(Collected material begins)

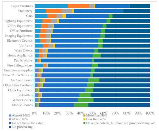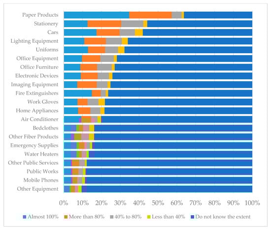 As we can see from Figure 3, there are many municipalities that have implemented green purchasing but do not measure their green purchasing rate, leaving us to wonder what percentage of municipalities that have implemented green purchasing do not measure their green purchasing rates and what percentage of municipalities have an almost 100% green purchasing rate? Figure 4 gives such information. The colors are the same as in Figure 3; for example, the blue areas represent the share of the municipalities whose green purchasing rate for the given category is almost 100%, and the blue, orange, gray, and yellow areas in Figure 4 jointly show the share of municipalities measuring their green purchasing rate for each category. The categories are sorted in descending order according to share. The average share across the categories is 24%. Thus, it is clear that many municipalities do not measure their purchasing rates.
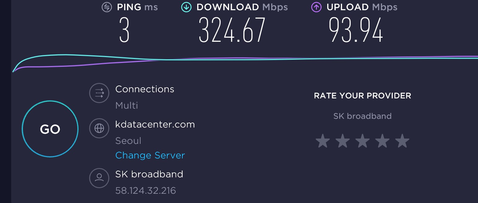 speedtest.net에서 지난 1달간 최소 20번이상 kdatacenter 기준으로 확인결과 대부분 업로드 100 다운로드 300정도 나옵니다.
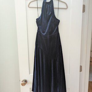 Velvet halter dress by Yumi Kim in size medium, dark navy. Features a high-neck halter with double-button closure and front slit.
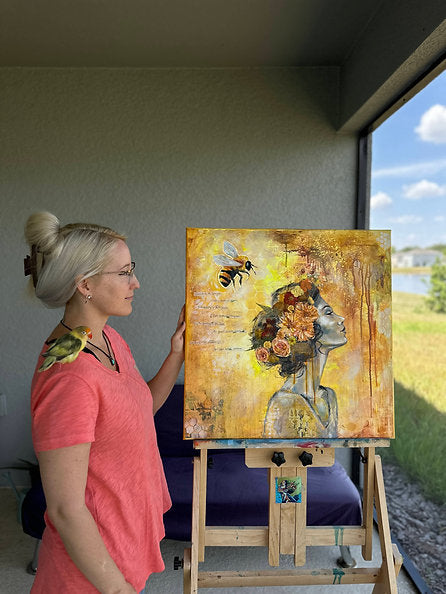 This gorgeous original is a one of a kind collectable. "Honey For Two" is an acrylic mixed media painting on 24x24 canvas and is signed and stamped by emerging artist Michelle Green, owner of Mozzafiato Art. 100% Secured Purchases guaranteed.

(Collected material ends)

Your assignment:
Keep every word of the material exactly as given. Drop the pictures.

Result for this exercise:
 As we can see from Figure 3, there are many municipalities that have implemented green purchasing but do not measure their green purchasing rate, leaving us to wonder what percentage of municipalities that have implemented green purchasing do not measure their green purchasing rates and what percentage of municipalities have an almost 100% green purchasing rate? Figure 4 gives such information. The colors are the same as in Figure 3; for example, the blue areas represent the share of the municipalities whose green purchasing rate for the given category is almost 100%, and the blue, orange, gray, and yellow areas in Figure 4 jointly show the share of municipalities measuring their green purchasing rate for each category. The categories are sorted in descending order according to share. The average share across the categories is 24%. Thus, it is clear that many municipalities do not measure their purchasing rates.
 speedtest.net에서 지난 1달간 최소 20번이상 kdatacenter 기준으로 확인결과 대부분 업로드 100 다운로드 300정도 나옵니다.
 Velvet halter dress by Yumi Kim in size medium, dark navy. Features a high-neck halter with double-button closure and front slit.
 This gorgeous original is a one of a kind collectable. "Honey For Two" is an acrylic mixed media painting on 24x24 canvas and is signed and stamped by emerging artist Michelle Green, owner of Mozzafiato Art. 100% Secured Purchases guaranteed.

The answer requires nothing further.